And I would have stayed after that except Nan snatched me back.
The words, “She come back to me” and “own free will,” are some very powerful words (236). The reason why these words are so powerful, are because when someone leaves, you think that they are not going to come back. If you think about the free will of slaves during this time, it is very hard to imagine.
In chapter 21, it begins with Sethe’s monologue about Beloved and how Beloved is “my daughter, she mine.. She come back to me of her own free will…” (236). There are a lot of complications when Beloved returns, and Sethe confronts them in her monologue. The idea that she thinks, “how if i hadn't killed her she would have died and that's something I could not bear to happen to her.” (236). How do we know this would actually happen? For all we know she has stayed alive, why does she feel that her own children would not survive? Does she believe she is stronger than what her own children will be when they are older? Looking at this through a feminist lens I can't help but think why would she think she is stronger than her own children? Why does she feel as if she has the ability to stay alive, but her children will not? And if so, is this why she primarily didn’t kill her boys? Did she think that just hurting them was enough, but did not actually try to kill them like she did with Beloved and was so close to doing to Denver? Does she think the boys had a better chance of surviving, or did she not think at all about how she was going to hurt her own children?

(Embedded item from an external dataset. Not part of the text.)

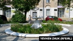 Через дорогу от кенассы – дом № 16, который уже попадал в кадр, когда я рассказывал о красивых воротах в центре Севастополя. Это единственный дом на улице, двор которого отгорожен забором. В шестнадцатом доме в разное время проживали многие флотские начальники. И фонтан имелся, который уже лет 30 не работает и переоборудован в клумбу.

When Sethe says, “Nobody will ever get my milk no more except my own children ...I know what it is like to be without the milk that belongs to you;..”(236), the reference to milk is very powerful. It’s powerful because she is talking about her own mother here. How she was deprived from her own mother’s milk. The white children drank from her mom, as the white children drank Sethe’s milk. Sethe does not like how her own children are not drinking from her. She will not let this again happen to Beloved. Beloved will have the love and care from Sethe. While reading this through a feminist lens I discovered that there is no masculinity in the fact that she gets her milk stolen from her by men. She got tied down while they stole her milk. She is seen as weak. She is not able to provide for her own children. Milk can only be provided by women, and not men. It is disgusting that men take this away from her. She feels as if this was the worst thing that happened to Sethe, because she knows how it is to not have her owns mother’s milk. That connection is lost and she does not want Beloved to have that relationship broken.
Lastly, from analyzing this passage I realized that Sethe mentions a lot about how Beloved will “understand” (236). This was mentioned a few times. This seems as if she is trying to convince herself that Beloved will understand exactly how Sethe feels. While looking at this through a feminist lens I also could tell that women are seen as forgiving. Females are also able to understand emotionally and physically, so do men, but not as much as women. Comparing this to how Paul D left Sethe and did not allow Sethe to explain to him why she killed her own children. He left and was not understanding nor forgiving, while Beloved managed to forgive Sethe, and so did Denver. While the two boys of Sethe did not forgive her, but ran away from her. This makes me think that women were primarily seen as forgiving and understanding in Beloved.